[PROVIDED DATA Boundary: Start]

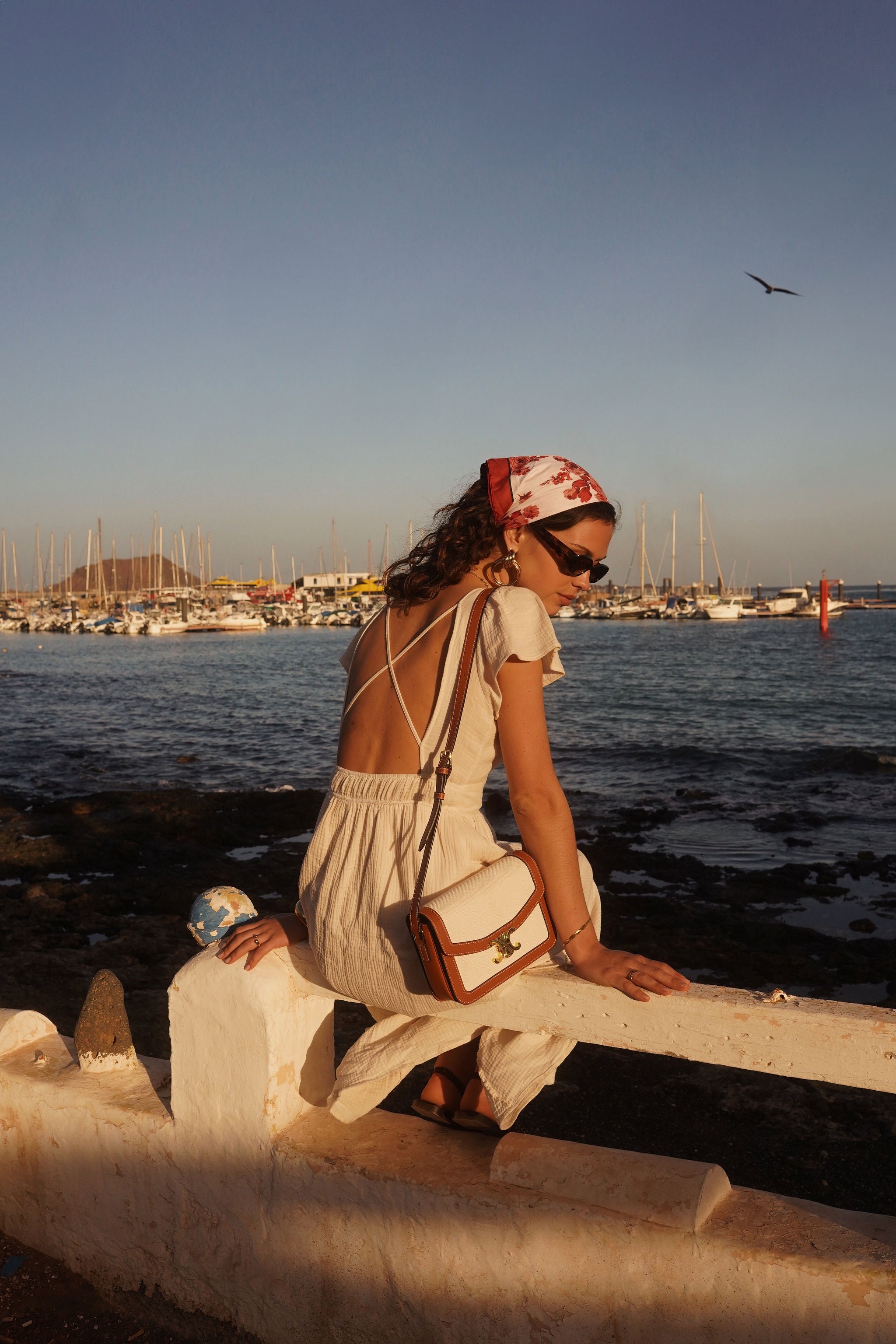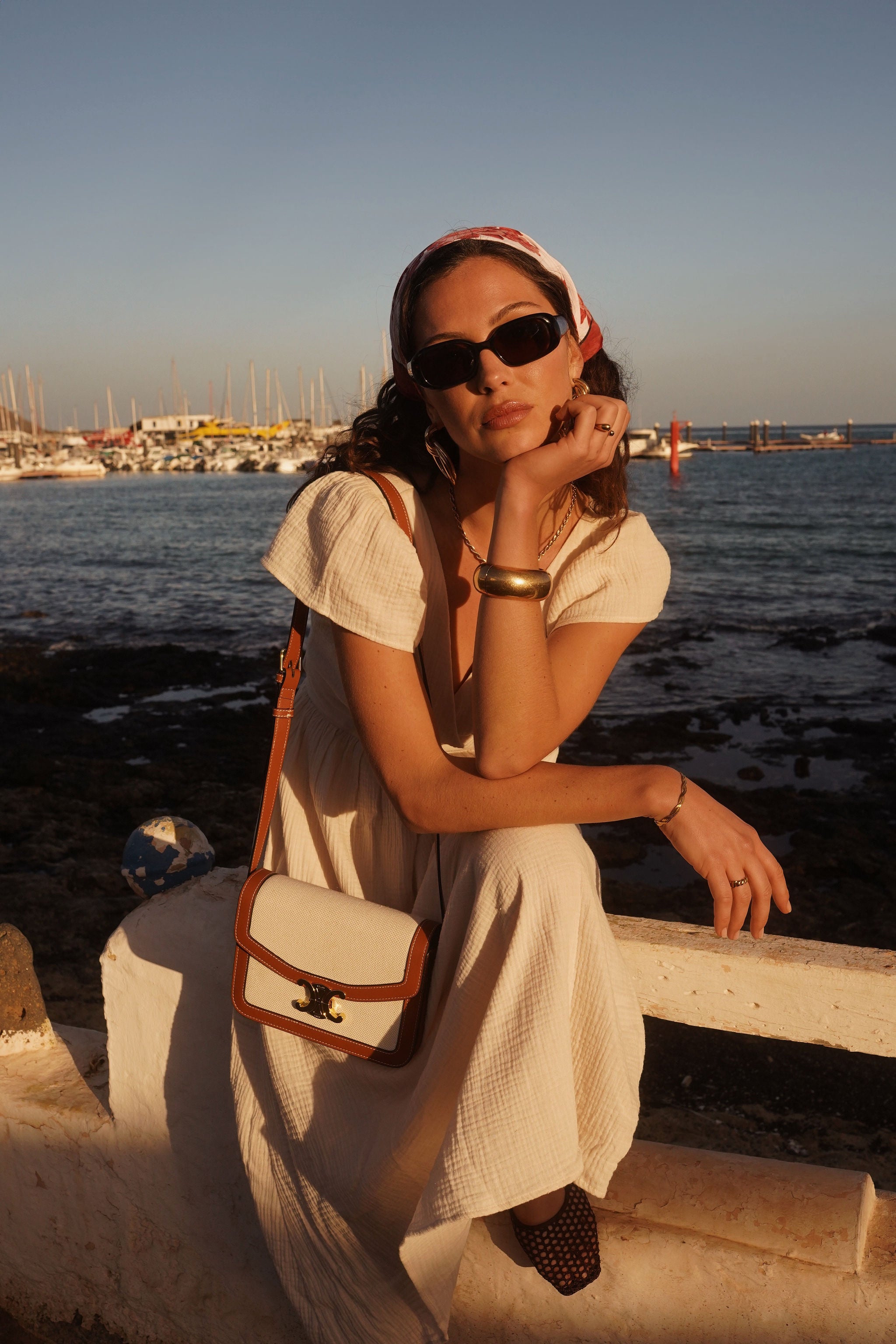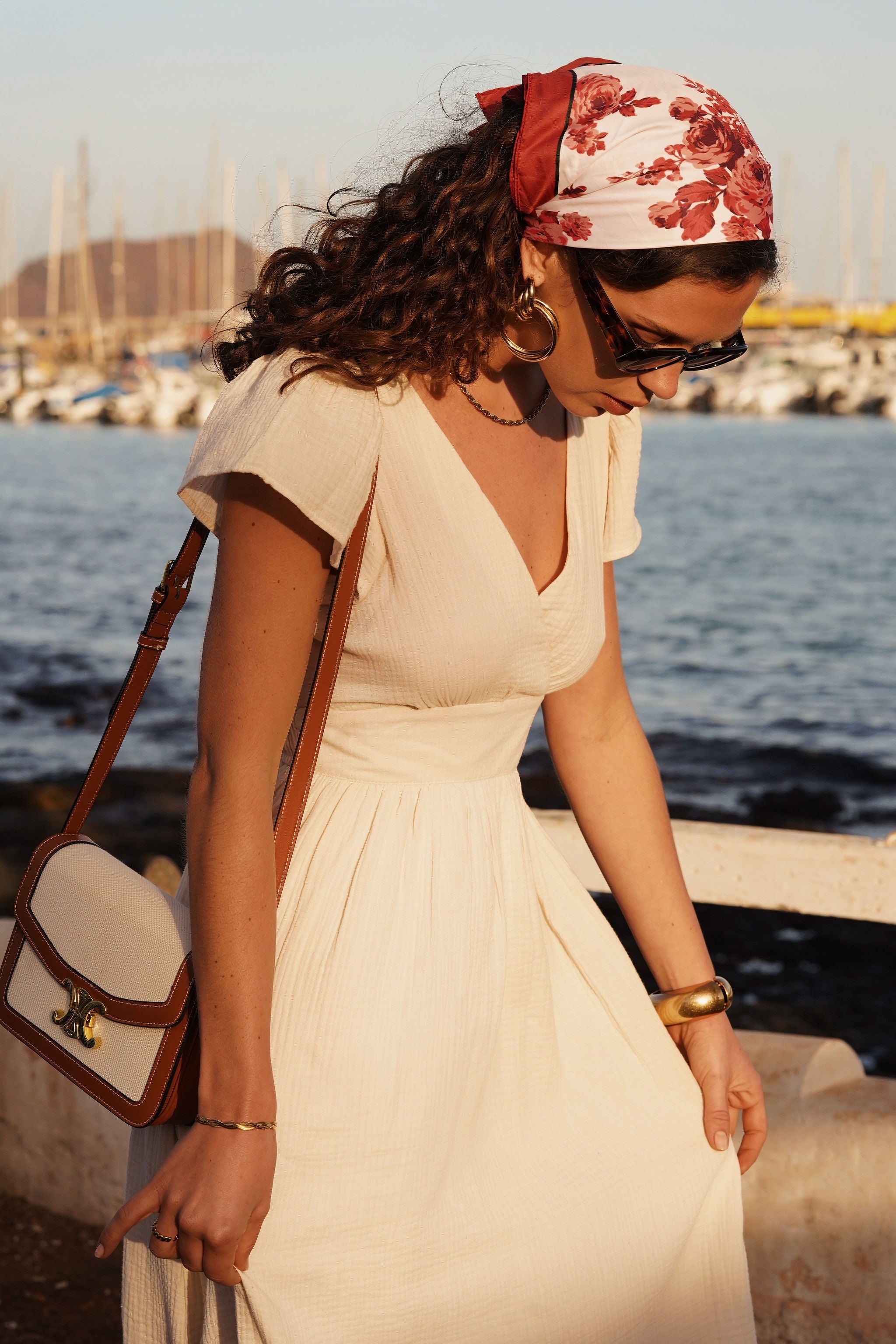 Dos nu avec bretelles croisées, taille smockée, bas évasé et manches volantées papillon.
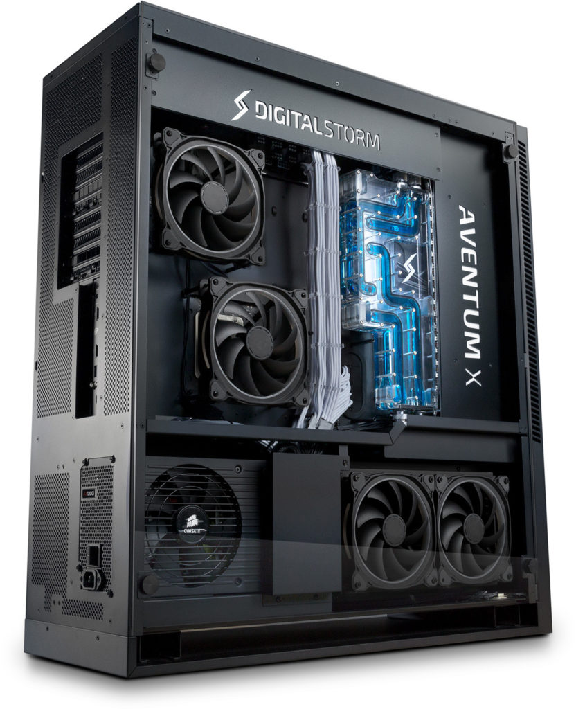Digital Storm ist stolz darauf, Aventum X, unseren bis heute fortschrittlichsten PC, mit einem modularen Flüssigkeitszufuhrsystem und einem vorgerouteten Power Panel auf den Markt zu bringen, um die üblichen Hürden von PCs der Enthusiasten-Klasse zu vereinfachen.
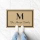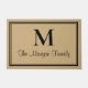 Elegant stylish modern custom monogram doormat in classic tan and black Double Borders. You can personalize this simple modern tan and black double borders with your family's last name in script and a serif style monogram initial.
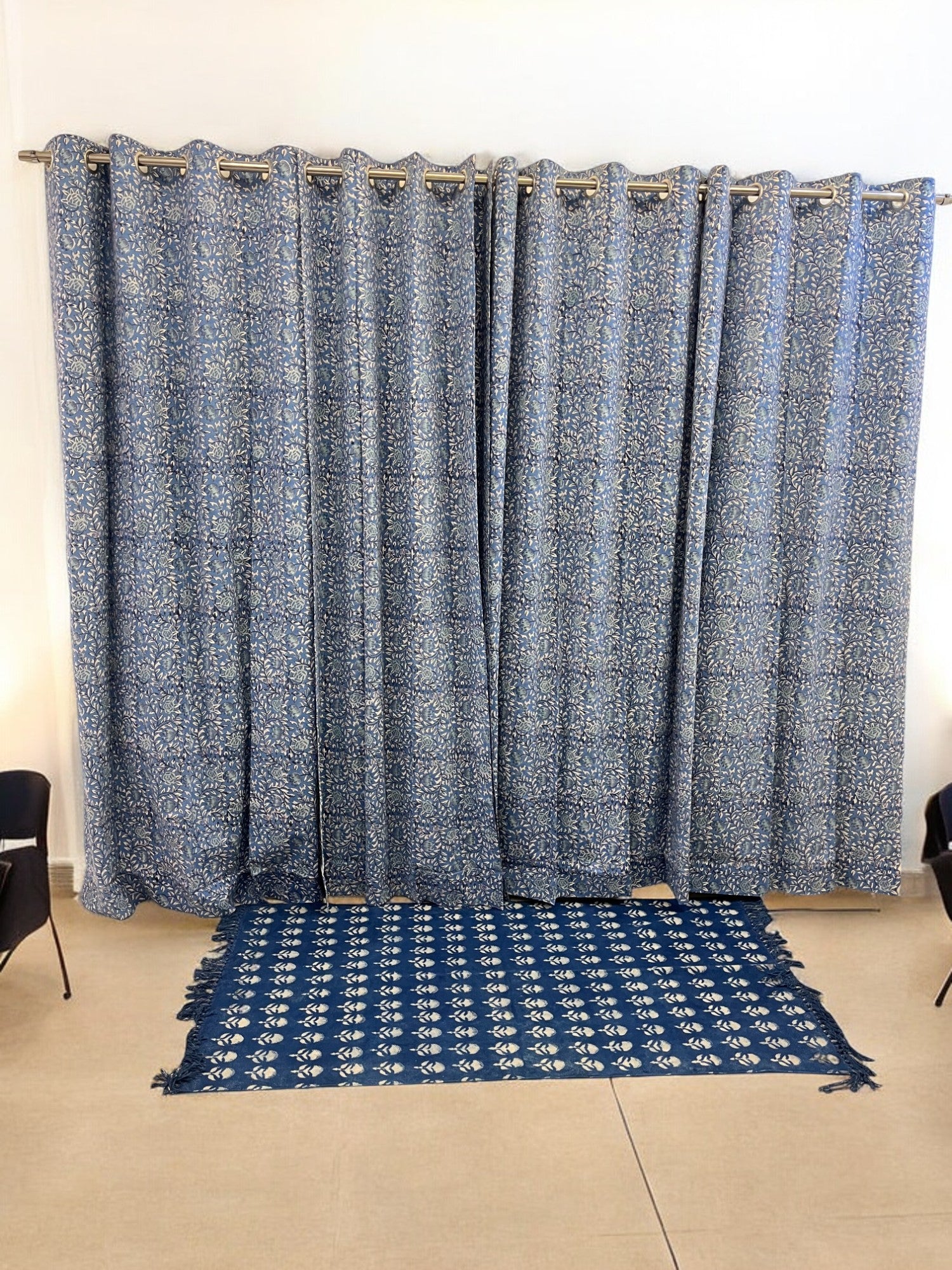 Stylish Handblock Blue Curtain Set to renovate your living space. Beautifully crafted from the high quality of fabric and meticulously handblock printed, these blue curtains add a touch of poise and style to any room. In this set, you will receive 2 curtains with 7 feet for sufficient window coverage. Up your home decor today.
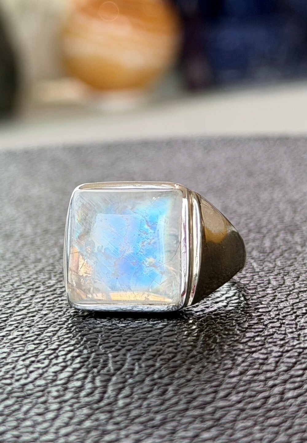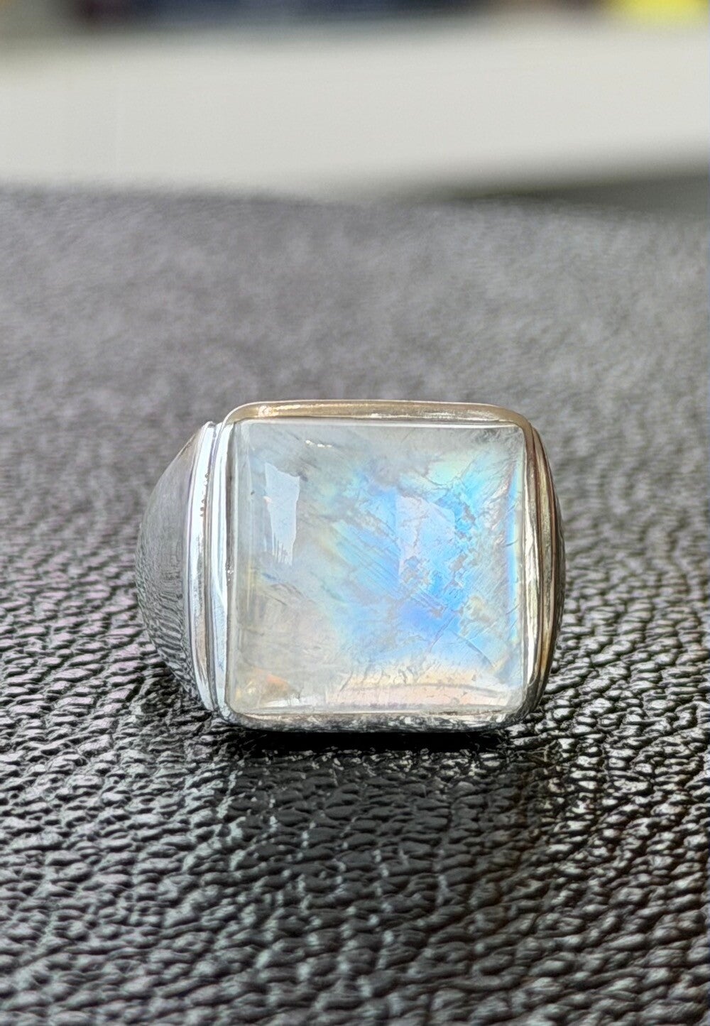 Zilveren ring met Regenboog Maansteen edelsteen cabochon rechthoek
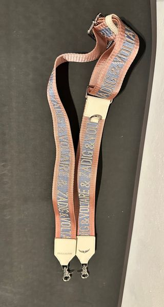 Correa de repuesto para bolso de la marca Zadig & Voltaire. - Diseño con logo de la marca tejido en tonos rosa y azul. - Terminales de cuero con mosquetones metálicos.
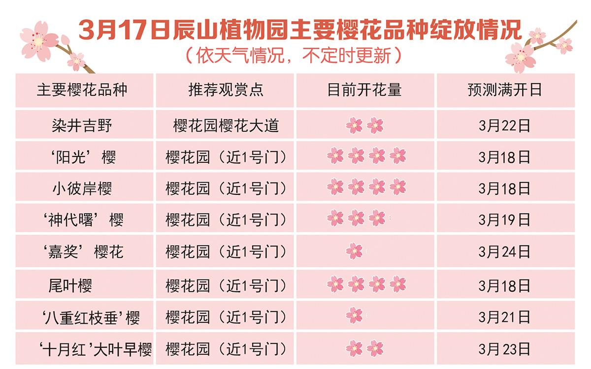 辰山植物园2022赏樱前线报 染井吉野花开四成渐入佳境
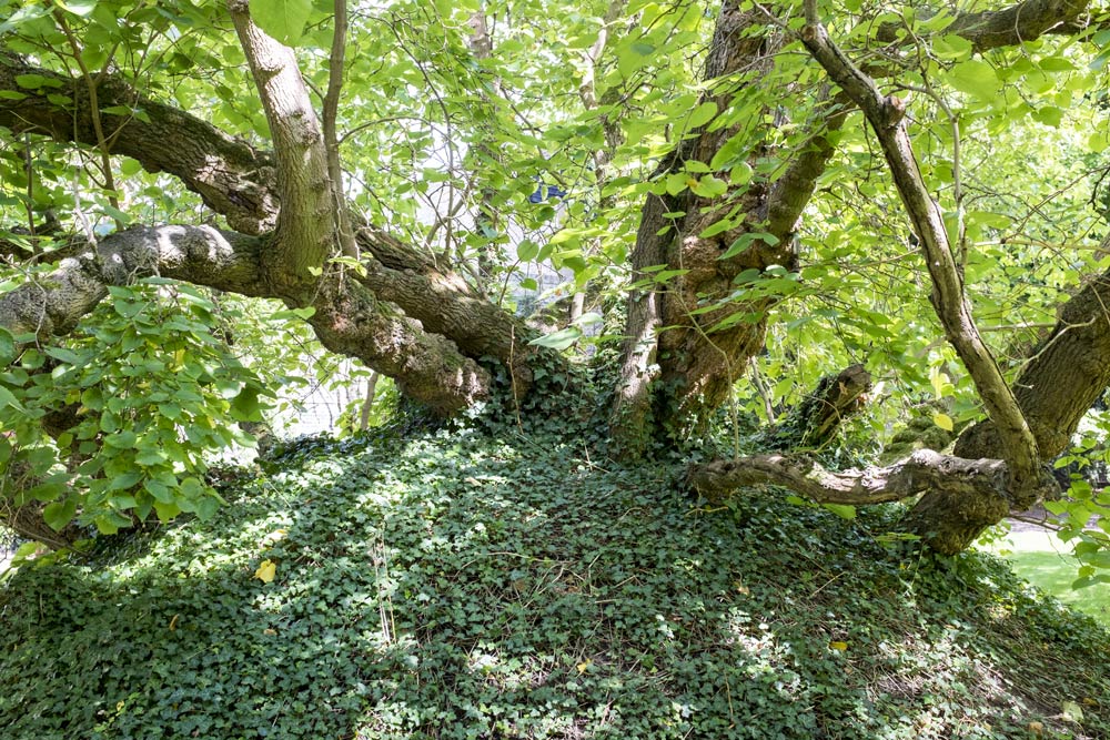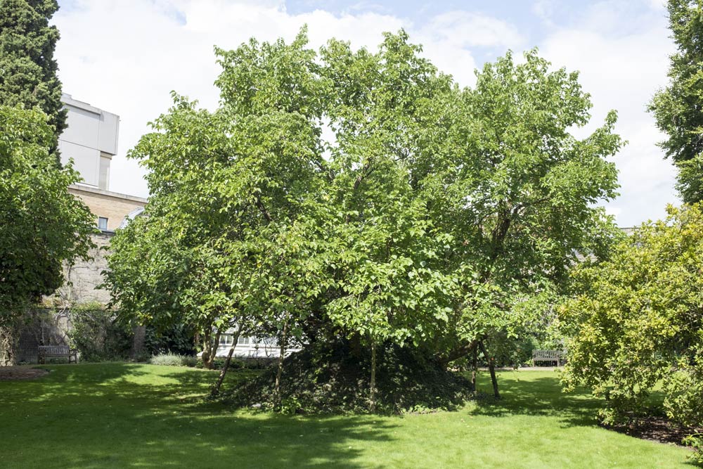 Walk directly across the grass or follow the path either way around to the far end. There, there are two mulberry trees, the older of which was planted in 1608 and both of which still fruit every year.
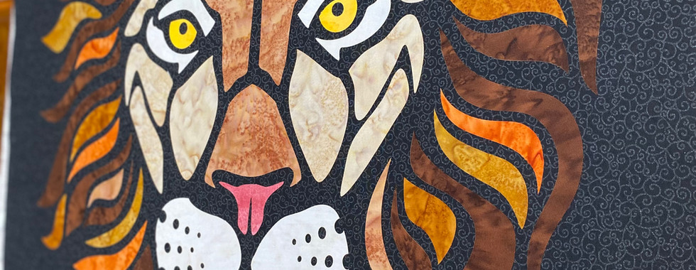 Here is a picture of the stencil that you iron onto your background fabric. I chose black with a subtle design due to it helping the colors of the lion pop. Once that is ironed on it's time to start placing the fabric where it belongs! The fabric comes in clumps and you will have to cut the pieces apart which isn't hard at all as they are just little tacks that keep them held together!
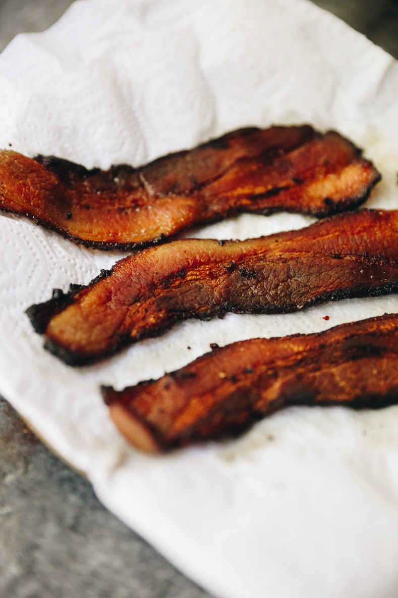 Oven: Preheat your oven to 400ºF. Line a baking sheet with foil and line the bacon across the pan. If possible, try not to overlap the bacon to make sure it crisps evenly. Bake for 15 minutes and then check to see how crispy it is. Keep a close eye on it after 15 minutes because it cooks quickly! HERE is a full tutorial.
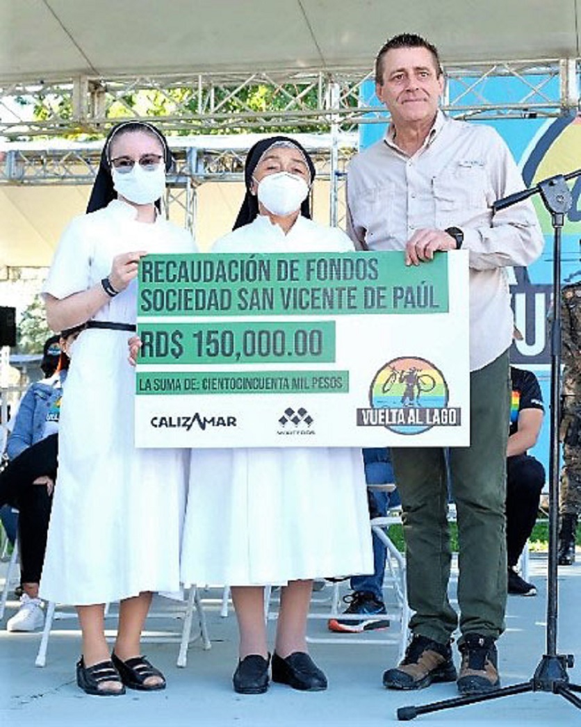 En el inicio de la competencia, en la que participaron más de cien pedalistas, el director general de Calizamar, Fruela Roces, hizo entrega a la Sociedad San Vicente de Paúl, de Santiago, representada por las hermanas religiosa, sor Edith y sor María Cecilia, de la cantidad recaudada, 150 mil pesos, de las inscripciones de la Vuelta al Lago.
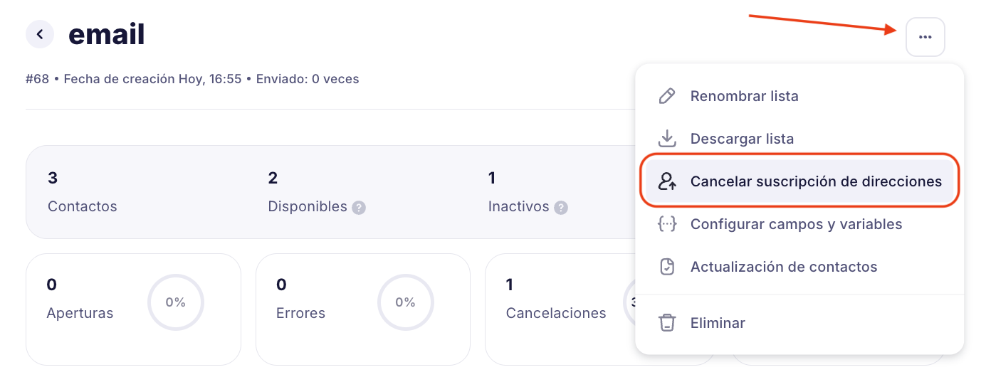 Selecciona la lista de destinatarios para cargar contactos desuscritos.

[PROVIDED DATA Boundary: End]

Please set down the records exactly, and keep every image out of the copy.

 Dos nu avec bretelles croisées, taille smockée, bas évasé et manches volantées papillon.
Digital Storm ist stolz darauf, Aventum X, unseren bis heute fortschrittlichsten PC, mit einem modularen Flüssigkeitszufuhrsystem und einem vorgerouteten Power Panel auf den Markt zu bringen, um die üblichen Hürden von PCs der Enthusiasten-Klasse zu vereinfachen.
 Elegant stylish modern custom monogram doormat in classic tan and black Double Borders. You can personalize this simple modern tan and black double borders with your family's last name in script and a serif style monogram initial.
 Stylish Handblock Blue Curtain Set to renovate your living space. Beautifully crafted from the high quality of fabric and meticulously handblock printed, these blue curtains add a touch of poise and style to any room. In this set, you will receive 2 curtains with 7 feet for sufficient window coverage. Up your home decor today.
 Zilveren ring met Regenboog Maansteen edelsteen cabochon rechthoek
 Correa de repuesto para bolso de la marca Zadig & Voltaire. - Diseño con logo de la marca tejido en tonos rosa y azul. - Terminales de cuero con mosquetones metálicos.
 辰山植物园2022赏樱前线报 染井吉野花开四成渐入佳境
 Walk directly across the grass or follow the path either way around to the far end. There, there are two mulberry trees, the older of which was planted in 1608 and both of which still fruit every year.
 Here is a picture of the stencil that you iron onto your background fabric. I chose black with a subtle design due to it helping the colors of the lion pop. Once that is ironed on it's time to start placing the fabric where it belongs! The fabric comes in clumps and you will have to cut the pieces apart which isn't hard at all as they are just little tacks that keep them held together!
 Oven: Preheat your oven to 400ºF. Line a baking sheet with foil and line the bacon across the pan. If possible, try not to overlap the bacon to make sure it crisps evenly. Bake for 15 minutes and then check to see how crispy it is. Keep a close eye on it after 15 minutes because it cooks quickly! HERE is a full tutorial.
 En el inicio de la competencia, en la que participaron más de cien pedalistas, el director general de Calizamar, Fruela Roces, hizo entrega a la Sociedad San Vicente de Paúl, de Santiago, representada por las hermanas religiosa, sor Edith y sor María Cecilia, de la cantidad recaudada, 150 mil pesos, de las inscripciones de la Vuelta al Lago.
 Selecciona la lista de destinatarios para cargar contactos desuscritos.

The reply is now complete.